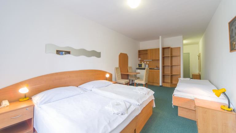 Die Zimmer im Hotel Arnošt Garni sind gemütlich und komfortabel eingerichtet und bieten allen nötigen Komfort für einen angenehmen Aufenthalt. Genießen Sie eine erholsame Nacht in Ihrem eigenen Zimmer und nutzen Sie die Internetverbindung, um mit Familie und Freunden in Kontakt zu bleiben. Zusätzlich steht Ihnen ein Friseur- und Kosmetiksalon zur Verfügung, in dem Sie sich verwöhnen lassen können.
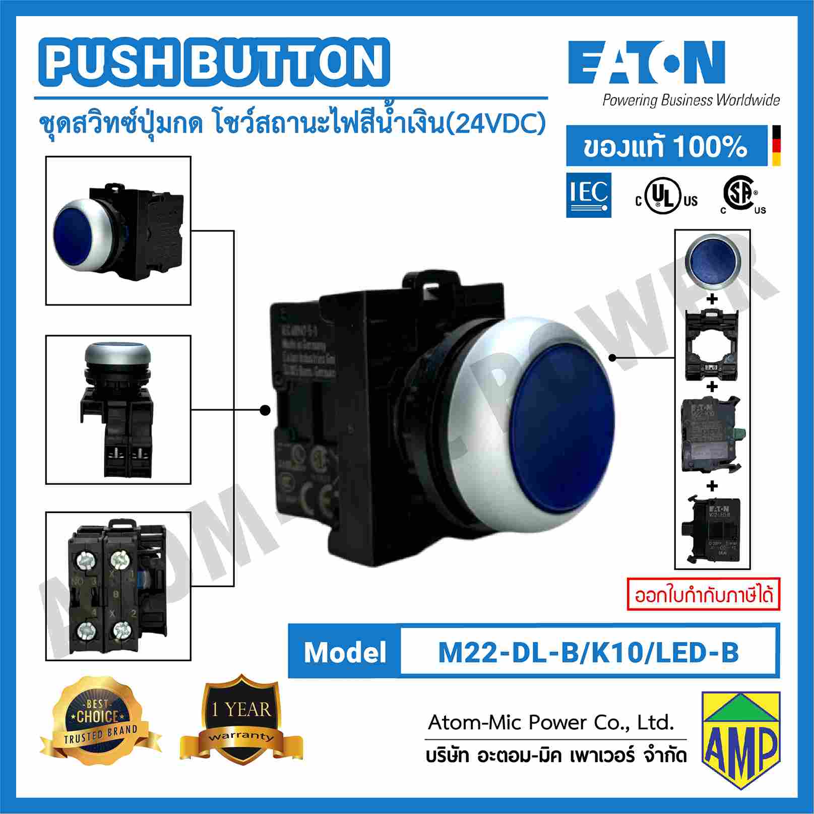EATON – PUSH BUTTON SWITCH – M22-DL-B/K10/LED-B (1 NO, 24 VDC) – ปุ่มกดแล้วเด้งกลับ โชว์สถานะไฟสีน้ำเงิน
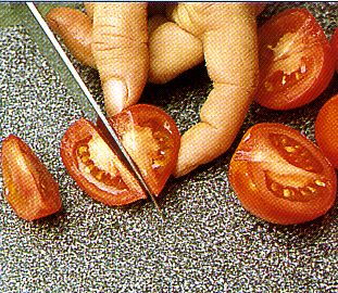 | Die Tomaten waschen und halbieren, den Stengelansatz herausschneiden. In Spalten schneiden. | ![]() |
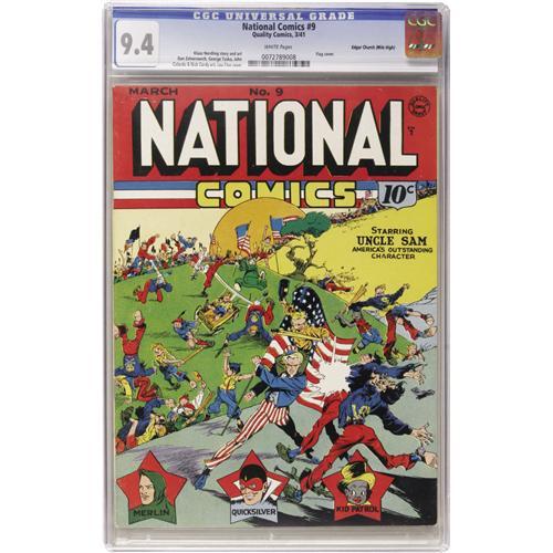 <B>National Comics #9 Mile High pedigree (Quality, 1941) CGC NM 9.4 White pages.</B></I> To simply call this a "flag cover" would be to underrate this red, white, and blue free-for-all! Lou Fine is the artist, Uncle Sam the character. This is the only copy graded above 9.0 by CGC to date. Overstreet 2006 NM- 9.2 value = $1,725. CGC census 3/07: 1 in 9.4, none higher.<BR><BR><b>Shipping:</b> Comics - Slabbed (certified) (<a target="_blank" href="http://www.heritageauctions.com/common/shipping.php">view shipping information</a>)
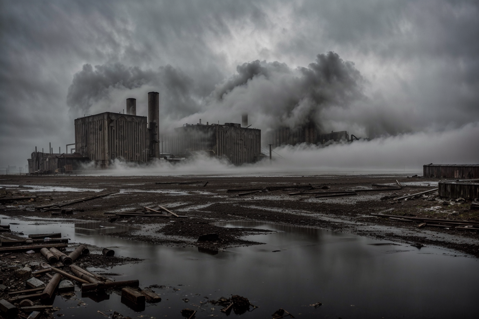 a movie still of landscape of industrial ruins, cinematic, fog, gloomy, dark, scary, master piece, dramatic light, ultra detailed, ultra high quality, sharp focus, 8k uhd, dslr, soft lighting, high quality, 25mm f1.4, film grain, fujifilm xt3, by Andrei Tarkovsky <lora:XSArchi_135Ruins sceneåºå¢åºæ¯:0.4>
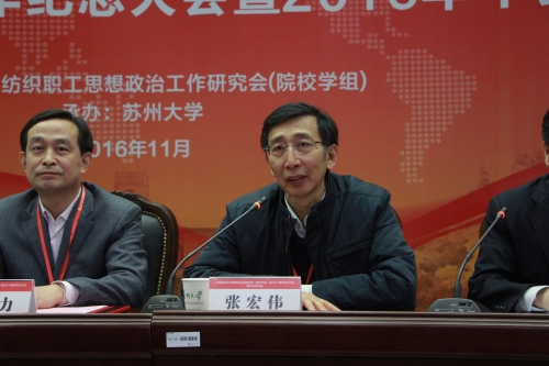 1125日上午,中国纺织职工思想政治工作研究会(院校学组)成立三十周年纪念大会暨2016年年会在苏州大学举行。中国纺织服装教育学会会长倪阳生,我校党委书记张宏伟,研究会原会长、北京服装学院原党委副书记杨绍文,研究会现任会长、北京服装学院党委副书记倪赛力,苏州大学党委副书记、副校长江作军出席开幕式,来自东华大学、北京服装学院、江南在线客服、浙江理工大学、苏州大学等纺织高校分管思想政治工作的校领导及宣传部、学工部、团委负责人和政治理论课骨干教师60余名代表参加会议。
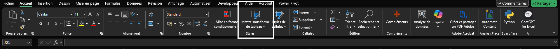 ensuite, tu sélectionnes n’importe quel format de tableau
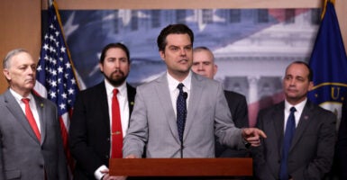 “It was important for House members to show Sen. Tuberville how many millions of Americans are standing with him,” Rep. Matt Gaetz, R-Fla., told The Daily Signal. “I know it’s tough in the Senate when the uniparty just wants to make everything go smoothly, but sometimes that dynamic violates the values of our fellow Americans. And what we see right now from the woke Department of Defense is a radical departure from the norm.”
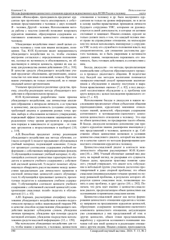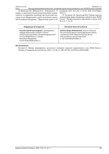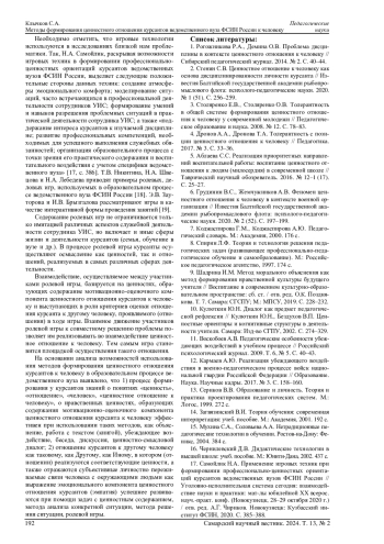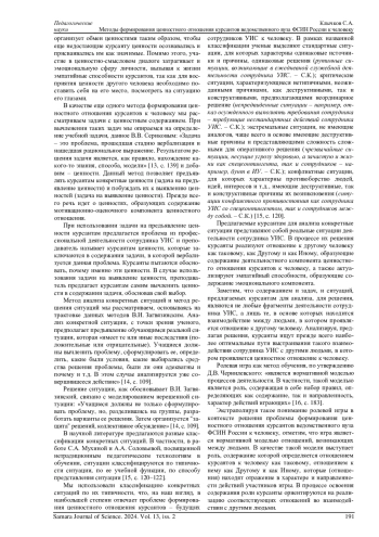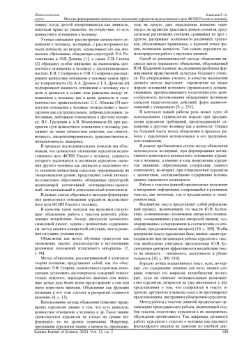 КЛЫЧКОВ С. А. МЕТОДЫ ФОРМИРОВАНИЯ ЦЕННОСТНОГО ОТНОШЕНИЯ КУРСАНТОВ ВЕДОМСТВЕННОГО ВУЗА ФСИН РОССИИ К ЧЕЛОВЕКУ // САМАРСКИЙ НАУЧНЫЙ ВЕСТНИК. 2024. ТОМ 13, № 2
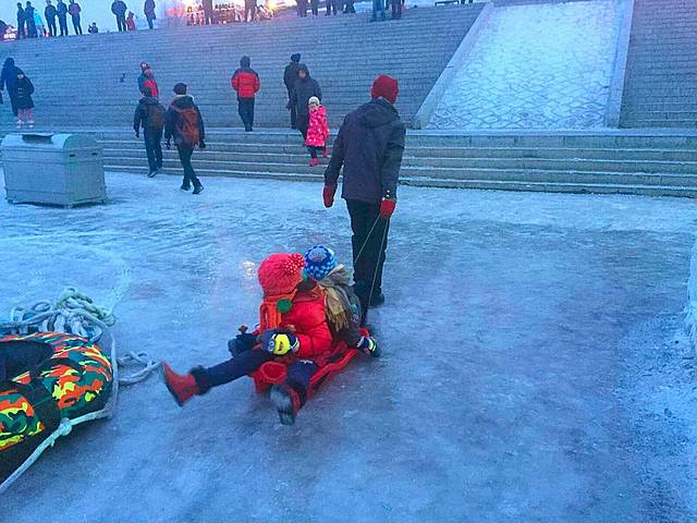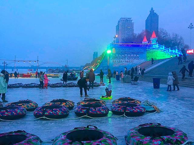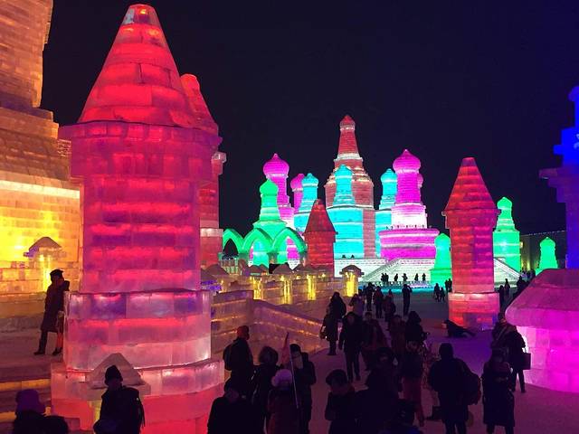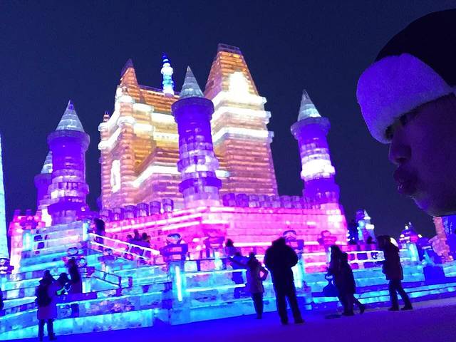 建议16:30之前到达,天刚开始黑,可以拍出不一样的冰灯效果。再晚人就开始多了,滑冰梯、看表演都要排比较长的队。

**WORK ITEM**
Set down the entries above word for word, but drop any image.

**SOLUTION TO THIS EXERCISE**
 Die Zimmer im Hotel Arnošt Garni sind gemütlich und komfortabel eingerichtet und bieten allen nötigen Komfort für einen angenehmen Aufenthalt. Genießen Sie eine erholsame Nacht in Ihrem eigenen Zimmer und nutzen Sie die Internetverbindung, um mit Familie und Freunden in Kontakt zu bleiben. Zusätzlich steht Ihnen ein Friseur- und Kosmetiksalon zur Verfügung, in dem Sie sich verwöhnen lassen können.
EATON – PUSH BUTTON SWITCH – M22-DL-B/K10/LED-B (1 NO, 24 VDC) – ปุ่มกดแล้วเด้งกลับ โชว์สถานะไฟสีน้ำเงิน
 | Die Tomaten waschen und halbieren, den Stengelansatz herausschneiden. In Spalten schneiden. | ![]() |
 <B>National Comics #9 Mile High pedigree (Quality, 1941) CGC NM 9.4 White pages.</B></I> To simply call this a "flag cover" would be to underrate this red, white, and blue free-for-all! Lou Fine is the artist, Uncle Sam the character. This is the only copy graded above 9.0 by CGC to date. Overstreet 2006 NM- 9.2 value = $1,725. CGC census 3/07: 1 in 9.4, none higher.<BR><BR><b>Shipping:</b> Comics - Slabbed (certified) (<a target="_blank" href="http://www.heritageauctions.com/common/shipping.php">view shipping information</a>)
 a movie still of landscape of industrial ruins, cinematic, fog, gloomy, dark, scary, master piece, dramatic light, ultra detailed, ultra high quality, sharp focus, 8k uhd, dslr, soft lighting, high quality, 25mm f1.4, film grain, fujifilm xt3, by Andrei Tarkovsky <lora:XSArchi_135Ruins sceneåºå¢åºæ¯:0.4>
 1125日上午,中国纺织职工思想政治工作研究会(院校学组)成立三十周年纪念大会暨2016年年会在苏州大学举行。中国纺织服装教育学会会长倪阳生,我校党委书记张宏伟,研究会原会长、北京服装学院原党委副书记杨绍文,研究会现任会长、北京服装学院党委副书记倪赛力,苏州大学党委副书记、副校长江作军出席开幕式,来自东华大学、北京服装学院、江南在线客服、浙江理工大学、苏州大学等纺织高校分管思想政治工作的校领导及宣传部、学工部、团委负责人和政治理论课骨干教师60余名代表参加会议。
 ensuite, tu sélectionnes n’importe quel format de tableau
 “It was important for House members to show Sen. Tuberville how many millions of Americans are standing with him,” Rep. Matt Gaetz, R-Fla., told The Daily Signal. “I know it’s tough in the Senate when the uniparty just wants to make everything go smoothly, but sometimes that dynamic violates the values of our fellow Americans. And what we see right now from the woke Department of Defense is a radical departure from the norm.”
 КЛЫЧКОВ С. А. МЕТОДЫ ФОРМИРОВАНИЯ ЦЕННОСТНОГО ОТНОШЕНИЯ КУРСАНТОВ ВЕДОМСТВЕННОГО ВУЗА ФСИН РОССИИ К ЧЕЛОВЕКУ // САМАРСКИЙ НАУЧНЫЙ ВЕСТНИК. 2024. ТОМ 13, № 2
 建议16:30之前到达,天刚开始黑,可以拍出不一样的冰灯效果。再晚人就开始多了,滑冰梯、看表演都要排比较长的队。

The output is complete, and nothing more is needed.